The current default & foreclosure rate is identical to the rate in 1985. Enough of the friggin Armageddon talk already. Yep, we've got a pretty dire re-adjustment coming, but it's mainly going to hurt people who probably shouldn't have been buying homes, and those with capital who utterly failed to perform due diligence. Even with all the doom and gloom, the economy still grew at a 3.1 annual rate last quarter.

Shumpeter had a comment the other day - this isn't a bad thing because it's the market's way of clearing out the dead weight, businesses that simply don't belong in the market because they aren't efficient. They will be replaced by businesses that do business the right way.

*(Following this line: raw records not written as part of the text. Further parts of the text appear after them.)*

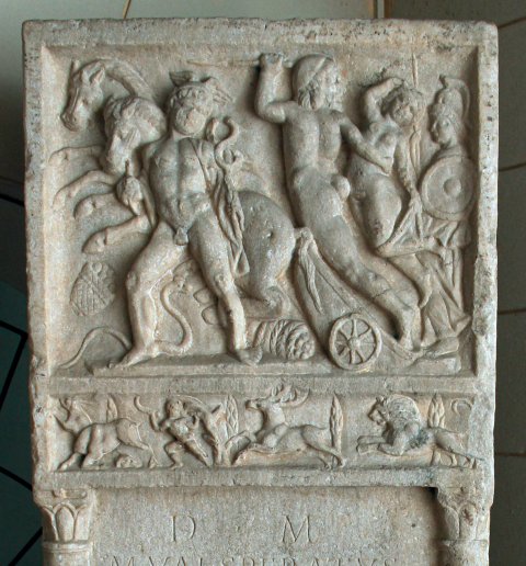Mythos. Stele mit horizontalem Abschluss. Oben einfach gerahmtes Bildfeld mit Raub der Proserpina, vor den Pferden Mercur, rechts im Hintergrund Minerva.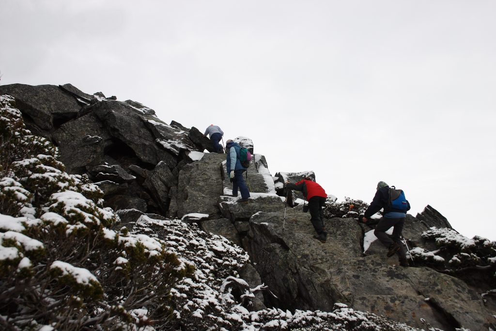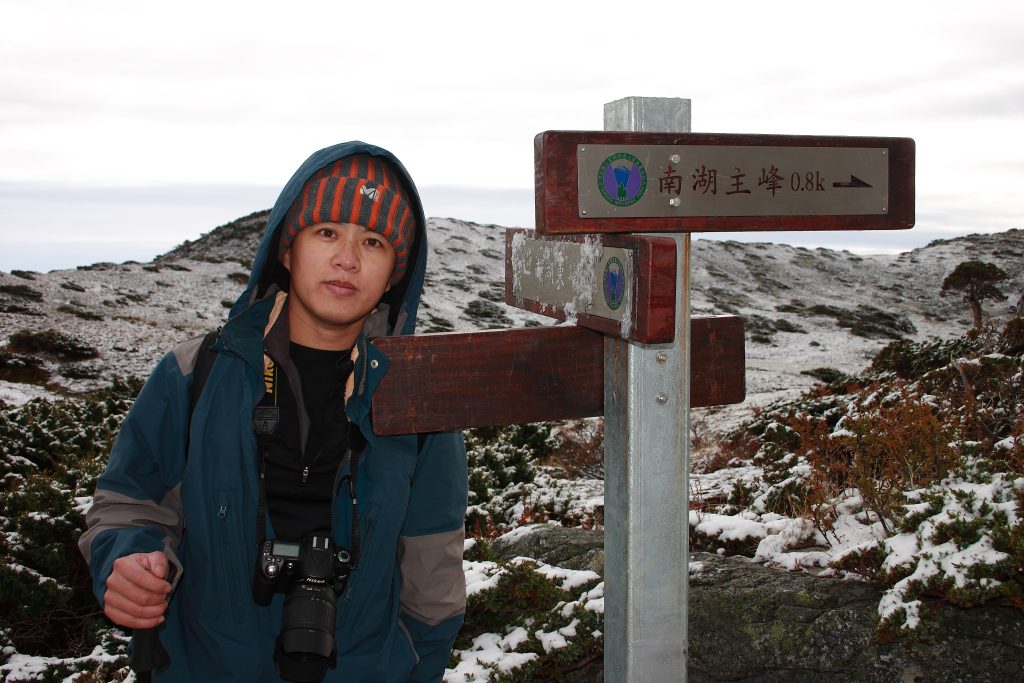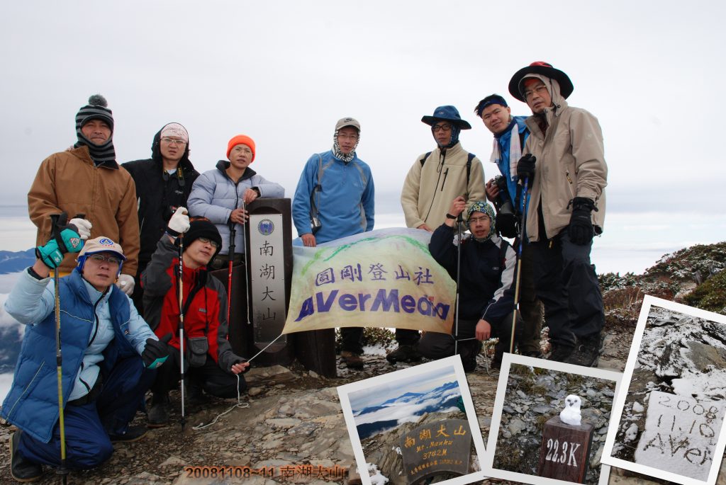 與公司社團同事組團來攀登南湖大山,新雲稜山莊碰上下雨天同事堅持繼續行程,大夥苦瓜的硬著頭皮上,冷冽的雨天登上南湖山屋,卻也意外的包場山屋,而且碰上難得一見的初雪~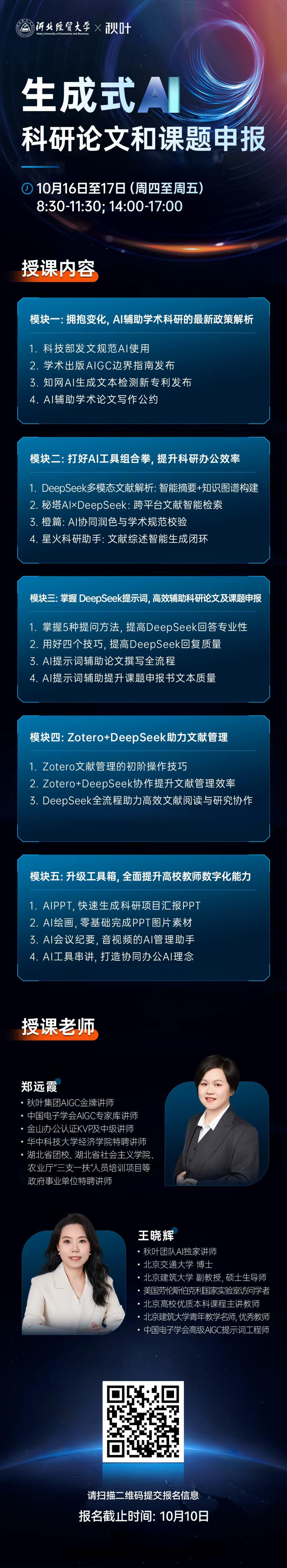 请参加培训的导师,于10月10日17:00前,扫描海报下方报名二维码,填写所在学院、姓名、工号、联系电话等信息提交报名;报名时需选择参与此次培训方式:“线下(可实操)”或“线上”,一经选择原则上不更改。若线下培训场地名额已满,将优先协调线上参与名额,并通过电话告知。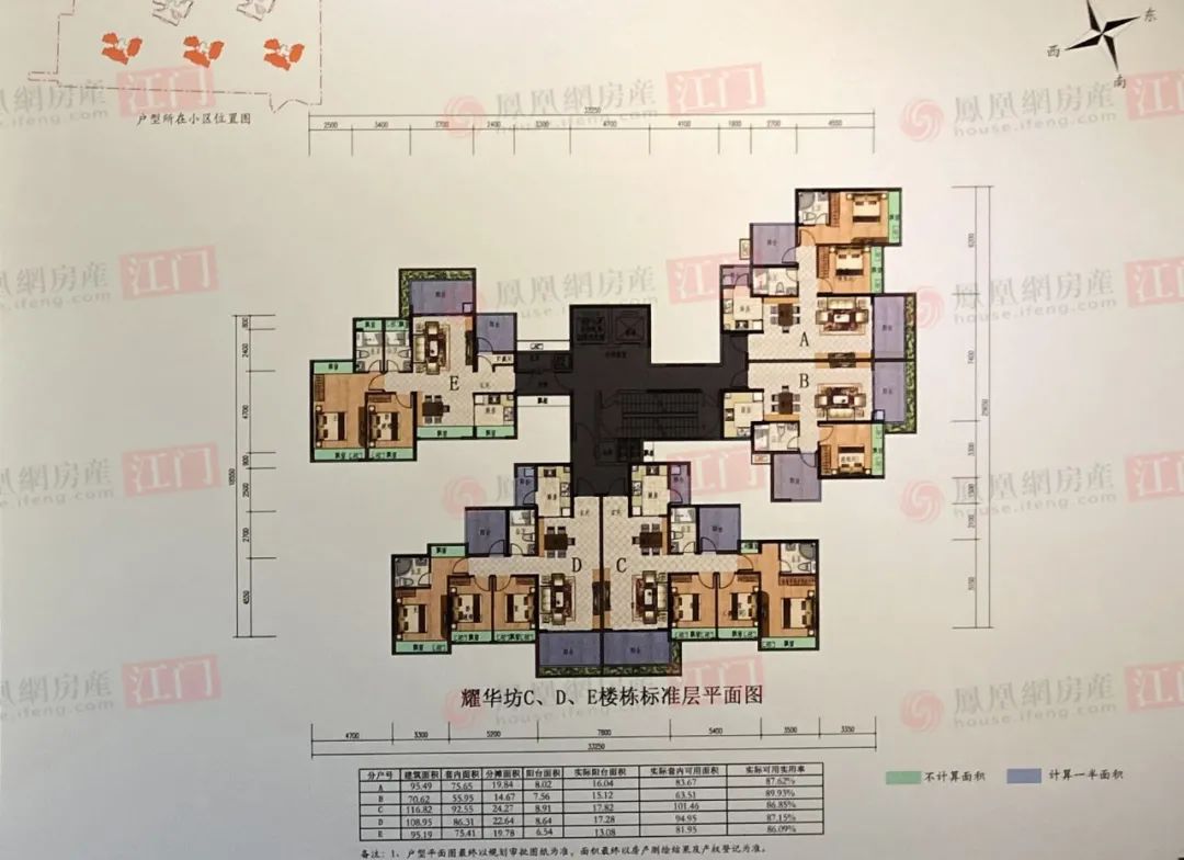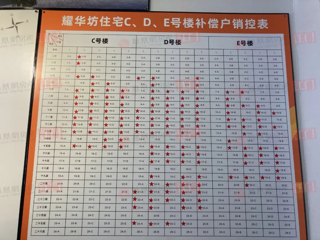 根据展厅公示信息可见,耀华坊规划回迁住宅为C、D、E号楼,户型建筑面积约116/108/95㎡,两梯五户设计。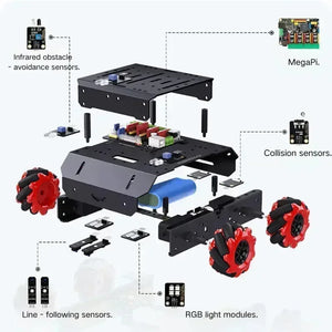 Hjulsdrift med Mecanum-hjul: mBot Mega är utrustad med 4 DC-motorer och Mecanum-hjul, vilket möjliggör rörelse i alla riktningar. Denna funktion tillåter avancerat lärande i robotrörelsealgoritmer, såsom rörelse i alla riktningar och mer flexibla manövrar, vilket gör den idealisk för praktiska projekt och robotikutbildning.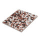 This ceramic tile features a geometric square pattern in white, blush and chocolate shades with a black grid. The squares are colored in a random pattern which you can edit the colors in the Design tool.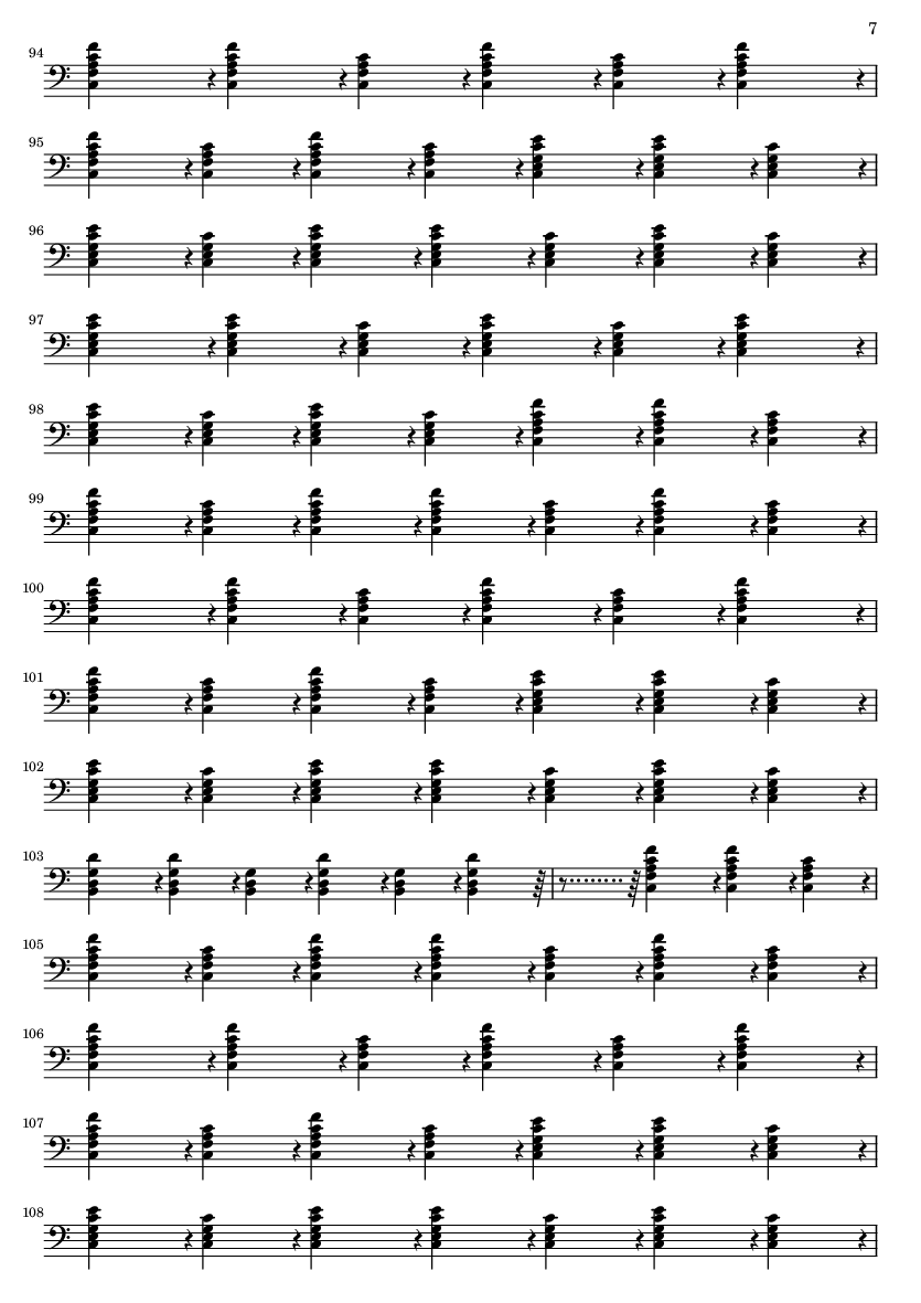 | 1 | 1 | Acoustic Grand | | 2 | 1 | Flute | | 3 | 2 | Choir Aahs | | 4 | 5 | Acoustic Grand | | 5 | 3 | Celesta | | 6 | 9 | Short Guiro | | 7 | 4 | Acoustic Guitar (nylon) | | 8 | 5 | Acoustic Guitar (steel) | | 9 | 8 | Distortion Guitar | | 10 | 15 | Electric Bass (pick) | | 11 | 2 | String Ensemble 1 | | 12 | 6 | Cello | | 13 | 1 | Acoustic Grand | | 14 | 0 | Acoustic Grand |

Yeah, there's some economic fears on my part too, my wife is between jobs right now, but on the other hand, I don't see a lot of really skinny people walking around America just yet. I think we'll be okay. I think some of the panic is due to the election year, at least one of the candidates is talking about right now as being worse than the Great Depression, an assertion that I find a little surprising.

Chuck Wagon said...

Jim -
We'll just have to disagree on our outlooks here. Not to say that I am not cheering the passing of a way of doing business (both corporate and personal) that I never agreed with in the first place, but there's one man's dire re-adjustment is another man's well, dire re-adjustment. Less than a year ago, all the big investment banks were going to put together about an $80 billion dollar fund to cauterize the subprime wound. There have since been DAYS when announced write downs would have bankrupted an $80 billion fund. Also, we have the three year annuversary of the biggest year for origination of no money down interest only ARMs yet to come. Want to make a bet on which way the default rate is headed?
So, enough of the pollyana talk already!